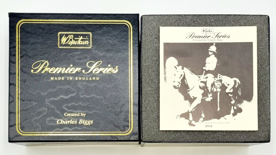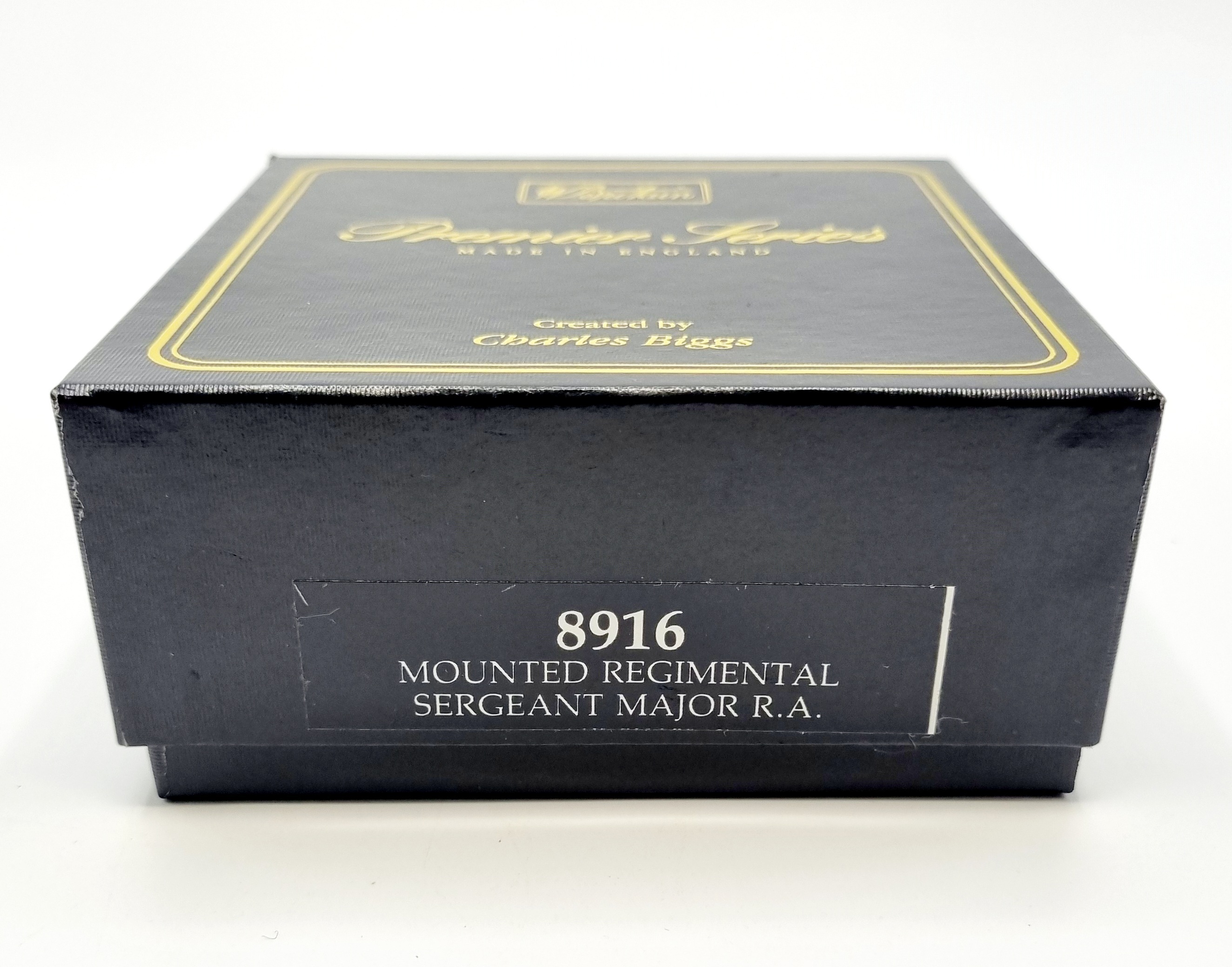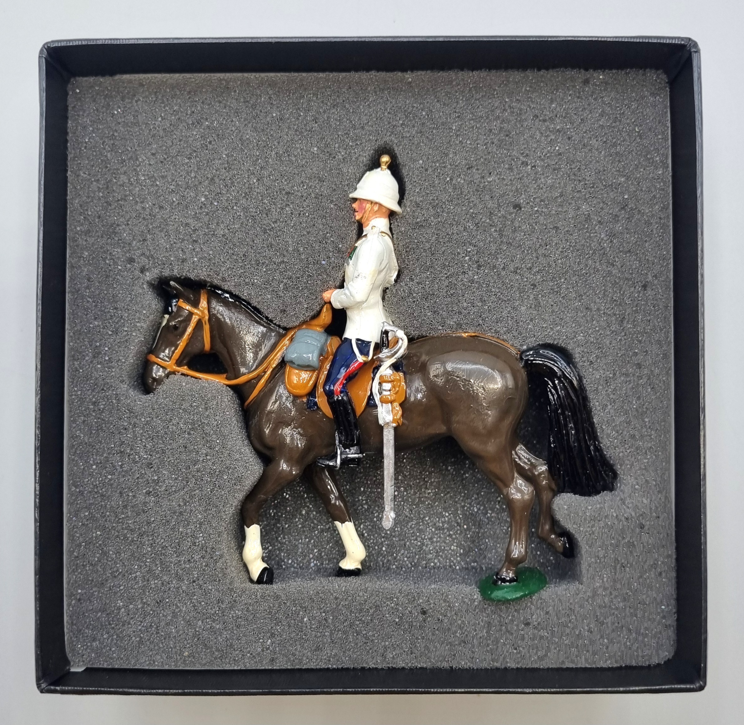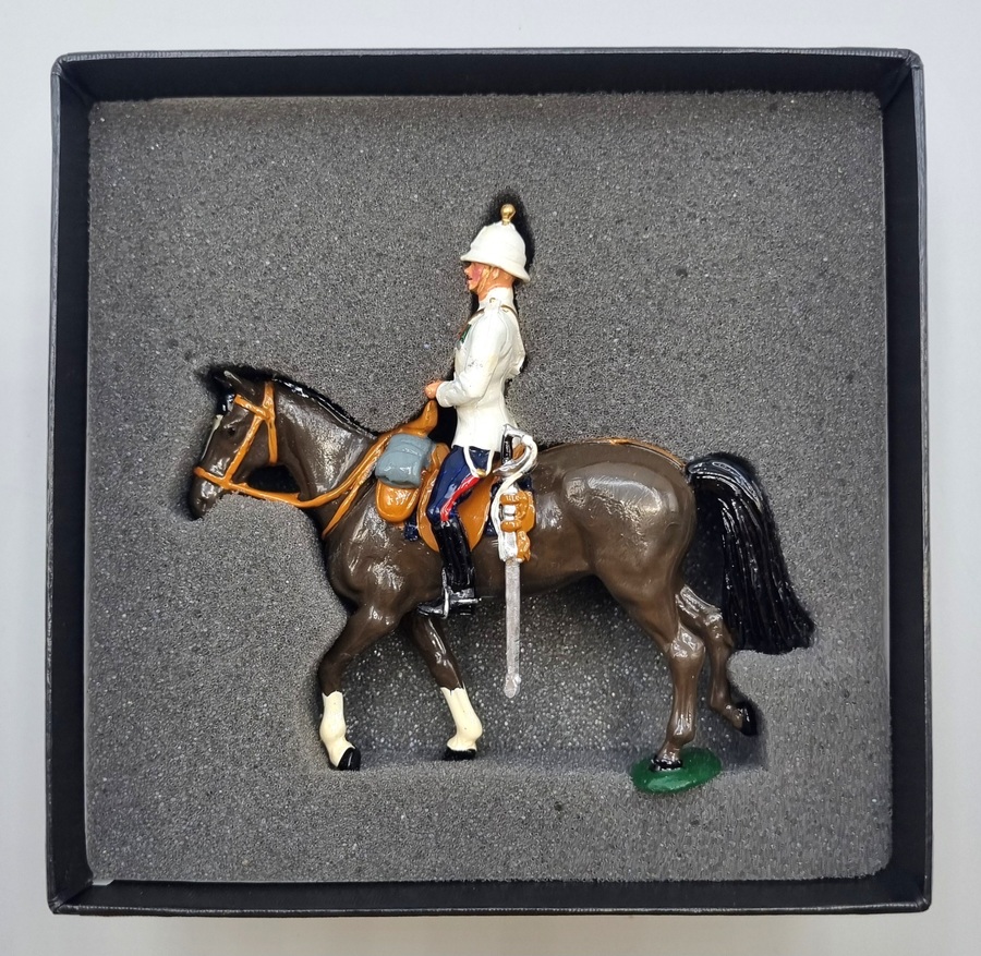 Uit de W. Britains Premier Series ontworpen door Charles Biggs doosje met een handbeschilderde tinnen cavalerist. Catalogusnummer 8916 uit 1995. |
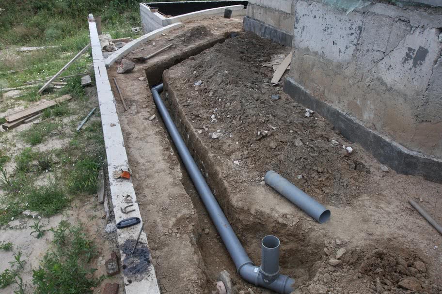 Тем, кто интересуется, как проложить канализационные трубы в земле правильно, следует учитывать, что работу необходимо начинать от фундамента здания. При отсутствии вывода трубопровода для стоков из дома, под основанием строения вырезают отверстие и выполняют подвод сети под него.
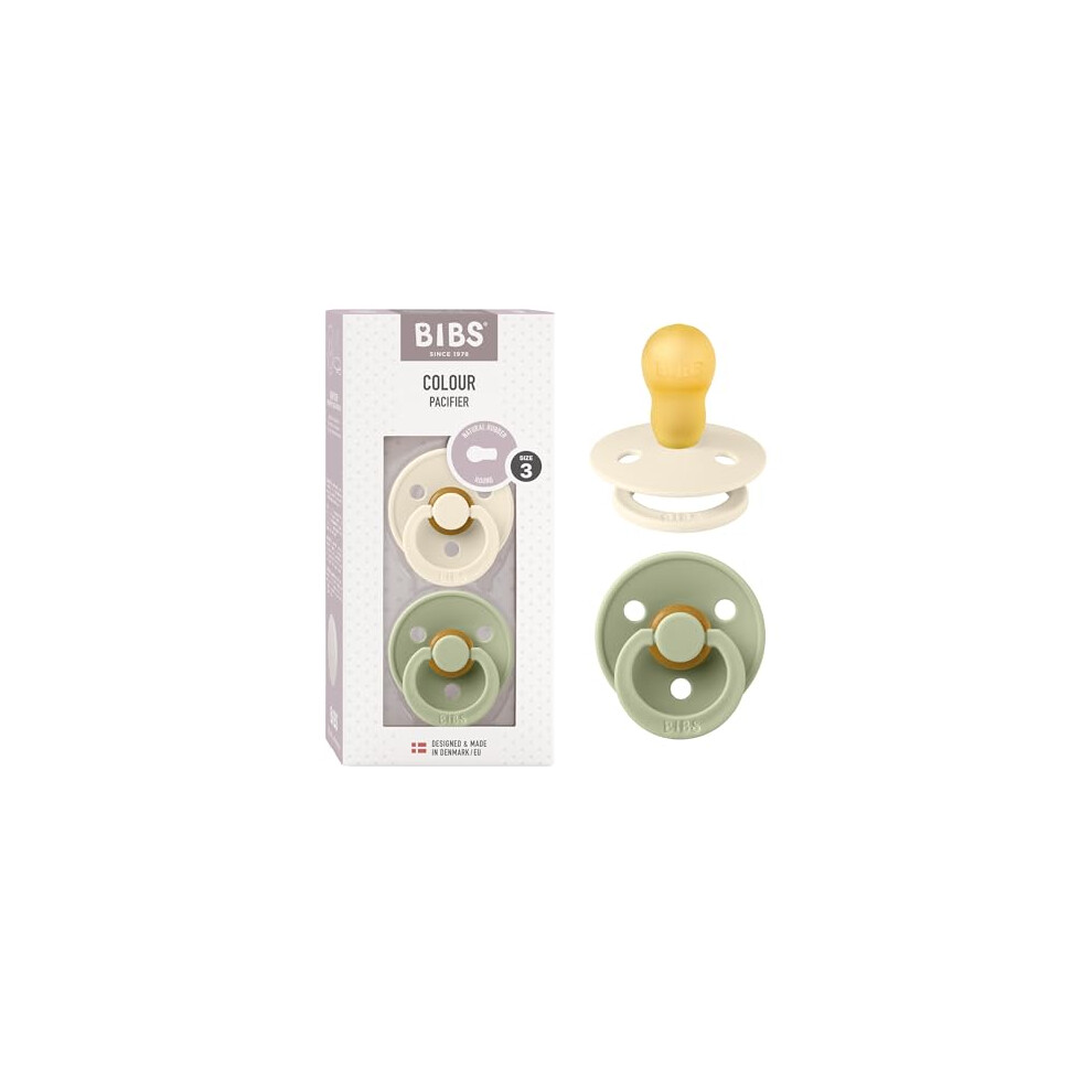 BIBS Colour Soother 2-Pack, BPA Free Dummy Pacifier, Round Nipple. Natural Rubber Latex, Size 3 (18+ Months), Ivory/Sage
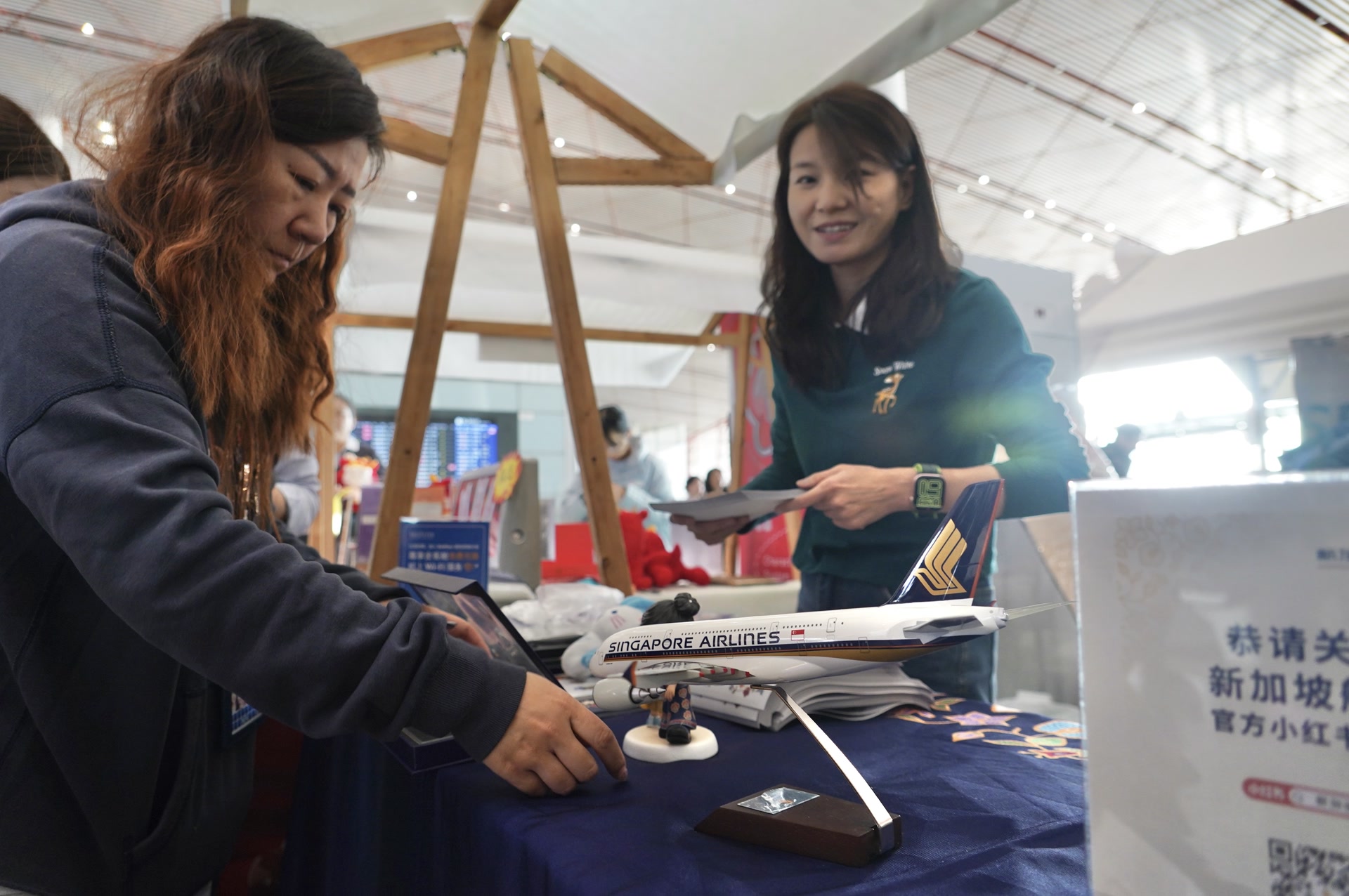 首都机场航旅嘉年华活动由首都机场联合北京市文化和旅游局、首都机场临空经济区管委会、驻场联检单位、各大航空公司及在线商旅平台等30余家单位共同举办。从12月26日起至12月28日,首都机场集团成员单位、首都机场驻场中外航空公司、在线商旅平台及航站楼内商户等近40家单位还联合推出了航旅市集,构建起集航空服务、地方文旅、特色商品于一体的消费场景。首都机场设置的盲盒抽奖、打卡集章活动成为人气展位。旅客注册首都机场会员并分享打卡内容,即可参与抽奖,在获得限定“都都”集章地图,赢取国航、海航等航司免票、升舱券及飞机模型、文创周边等惊喜好礼的同时,还能在集章的过程中了解有关雪具托运、候机中转等首都机场特色服务产品。

■ Exercise description ■
Reproduce the listing verbatim, pictures excluded.

■ Written answer ■
 Uit de W. Britains Premier Series ontworpen door Charles Biggs doosje met een handbeschilderde tinnen cavalerist. Catalogusnummer 8916 uit 1995. |
 Тем, кто интересуется, как проложить канализационные трубы в земле правильно, следует учитывать, что работу необходимо начинать от фундамента здания. При отсутствии вывода трубопровода для стоков из дома, под основанием строения вырезают отверстие и выполняют подвод сети под него.
 BIBS Colour Soother 2-Pack, BPA Free Dummy Pacifier, Round Nipple. Natural Rubber Latex, Size 3 (18+ Months), Ivory/Sage
 首都机场航旅嘉年华活动由首都机场联合北京市文化和旅游局、首都机场临空经济区管委会、驻场联检单位、各大航空公司及在线商旅平台等30余家单位共同举办。从12月26日起至12月28日,首都机场集团成员单位、首都机场驻场中外航空公司、在线商旅平台及航站楼内商户等近40家单位还联合推出了航旅市集,构建起集航空服务、地方文旅、特色商品于一体的消费场景。首都机场设置的盲盒抽奖、打卡集章活动成为人气展位。旅客注册首都机场会员并分享打卡内容,即可参与抽奖,在获得限定“都都”集章地图,赢取国航、海航等航司免票、升舱券及飞机模型、文创周边等惊喜好礼的同时,还能在集章的过程中了解有关雪具托运、候机中转等首都机场特色服务产品。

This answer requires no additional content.